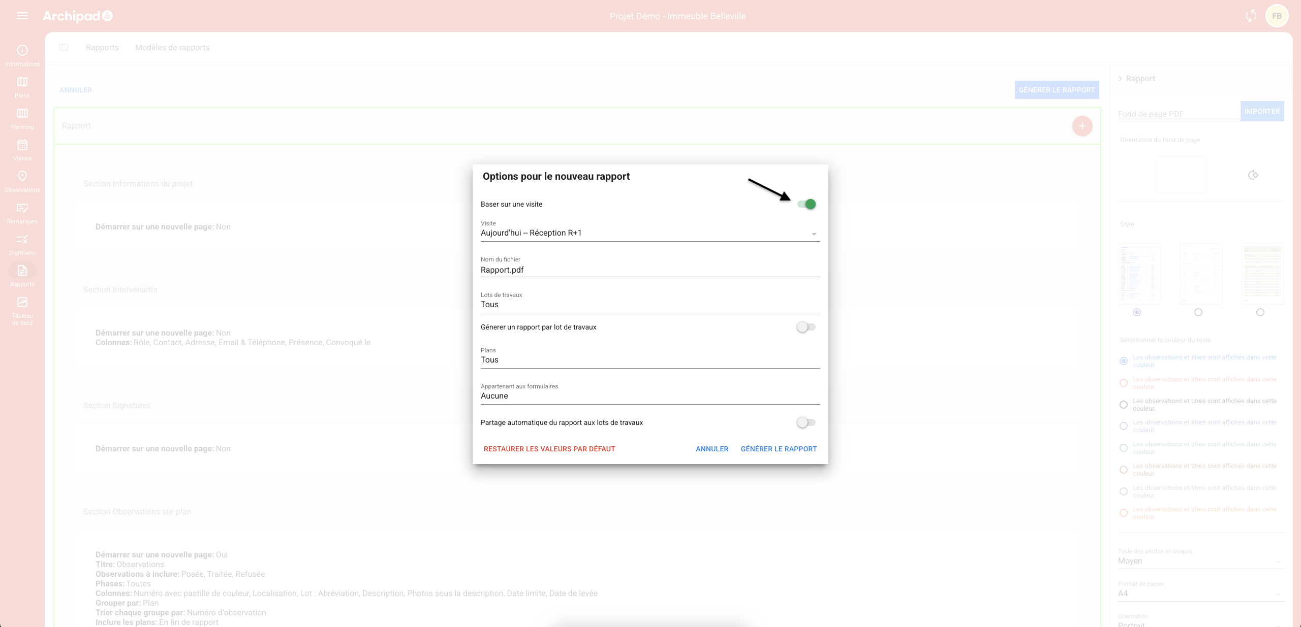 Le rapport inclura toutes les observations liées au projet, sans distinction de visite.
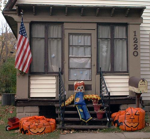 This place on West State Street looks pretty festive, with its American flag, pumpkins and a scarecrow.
==============================
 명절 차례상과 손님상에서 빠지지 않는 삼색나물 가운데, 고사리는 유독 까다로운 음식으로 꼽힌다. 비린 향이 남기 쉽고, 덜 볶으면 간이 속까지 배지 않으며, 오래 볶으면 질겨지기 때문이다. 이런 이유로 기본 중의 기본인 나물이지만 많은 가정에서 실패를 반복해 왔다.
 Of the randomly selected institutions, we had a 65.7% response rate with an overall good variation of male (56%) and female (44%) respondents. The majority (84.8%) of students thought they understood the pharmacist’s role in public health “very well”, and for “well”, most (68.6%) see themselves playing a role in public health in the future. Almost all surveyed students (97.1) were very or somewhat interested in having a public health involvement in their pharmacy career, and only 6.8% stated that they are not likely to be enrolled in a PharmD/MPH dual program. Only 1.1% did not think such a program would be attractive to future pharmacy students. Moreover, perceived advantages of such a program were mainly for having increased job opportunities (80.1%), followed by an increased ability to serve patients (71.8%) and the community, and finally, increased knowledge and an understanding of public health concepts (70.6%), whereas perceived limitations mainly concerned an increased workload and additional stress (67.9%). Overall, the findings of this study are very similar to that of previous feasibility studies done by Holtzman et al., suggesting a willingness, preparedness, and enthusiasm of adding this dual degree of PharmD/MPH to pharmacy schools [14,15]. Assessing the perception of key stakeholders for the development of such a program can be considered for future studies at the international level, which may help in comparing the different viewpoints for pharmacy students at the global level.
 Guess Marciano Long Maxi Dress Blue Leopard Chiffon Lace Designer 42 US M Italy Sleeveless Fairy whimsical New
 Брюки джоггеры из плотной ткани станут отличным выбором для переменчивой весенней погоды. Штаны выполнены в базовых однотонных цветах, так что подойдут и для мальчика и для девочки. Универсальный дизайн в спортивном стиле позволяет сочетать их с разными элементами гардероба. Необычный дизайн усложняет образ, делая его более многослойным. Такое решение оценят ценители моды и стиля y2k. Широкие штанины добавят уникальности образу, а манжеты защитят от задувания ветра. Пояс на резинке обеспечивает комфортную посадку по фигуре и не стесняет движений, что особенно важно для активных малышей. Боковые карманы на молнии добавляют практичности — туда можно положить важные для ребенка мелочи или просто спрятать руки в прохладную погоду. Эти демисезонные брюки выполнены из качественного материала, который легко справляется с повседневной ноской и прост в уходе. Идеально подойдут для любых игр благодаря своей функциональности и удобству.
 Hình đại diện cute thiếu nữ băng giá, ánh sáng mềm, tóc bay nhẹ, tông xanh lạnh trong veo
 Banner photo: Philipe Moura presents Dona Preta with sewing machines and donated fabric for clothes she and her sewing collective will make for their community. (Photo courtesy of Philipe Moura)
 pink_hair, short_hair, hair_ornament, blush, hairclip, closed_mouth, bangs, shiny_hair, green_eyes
==============================
Exercise aim
Could you restate word for word the lines above from the one containing "Guess Marciano Long" through the one containing "bangs, shiny_hair, green_eyes", both included, and nothing else?

Solution
 Guess Marciano Long Maxi Dress Blue Leopard Chiffon Lace Designer 42 US M Italy Sleeveless Fairy whimsical New
 Брюки джоггеры из плотной ткани станут отличным выбором для переменчивой весенней погоды. Штаны выполнены в базовых однотонных цветах, так что подойдут и для мальчика и для девочки. Универсальный дизайн в спортивном стиле позволяет сочетать их с разными элементами гардероба. Необычный дизайн усложняет образ, делая его более многослойным. Такое решение оценят ценители моды и стиля y2k. Широкие штанины добавят уникальности образу, а манжеты защитят от задувания ветра. Пояс на резинке обеспечивает комфортную посадку по фигуре и не стесняет движений, что особенно важно для активных малышей. Боковые карманы на молнии добавляют практичности — туда можно положить важные для ребенка мелочи или просто спрятать руки в прохладную погоду. Эти демисезонные брюки выполнены из качественного материала, который легко справляется с повседневной ноской и прост в уходе. Идеально подойдут для любых игр благодаря своей функциональности и удобству.
 Hình đại diện cute thiếu nữ băng giá, ánh sáng mềm, tóc bay nhẹ, tông xanh lạnh trong veo
 Banner photo: Philipe Moura presents Dona Preta with sewing machines and donated fabric for clothes she and her sewing collective will make for their community. (Photo courtesy of Philipe Moura)
 pink_hair, short_hair, hair_ornament, blush, hairclip, closed_mouth, bangs, shiny_hair, green_eyes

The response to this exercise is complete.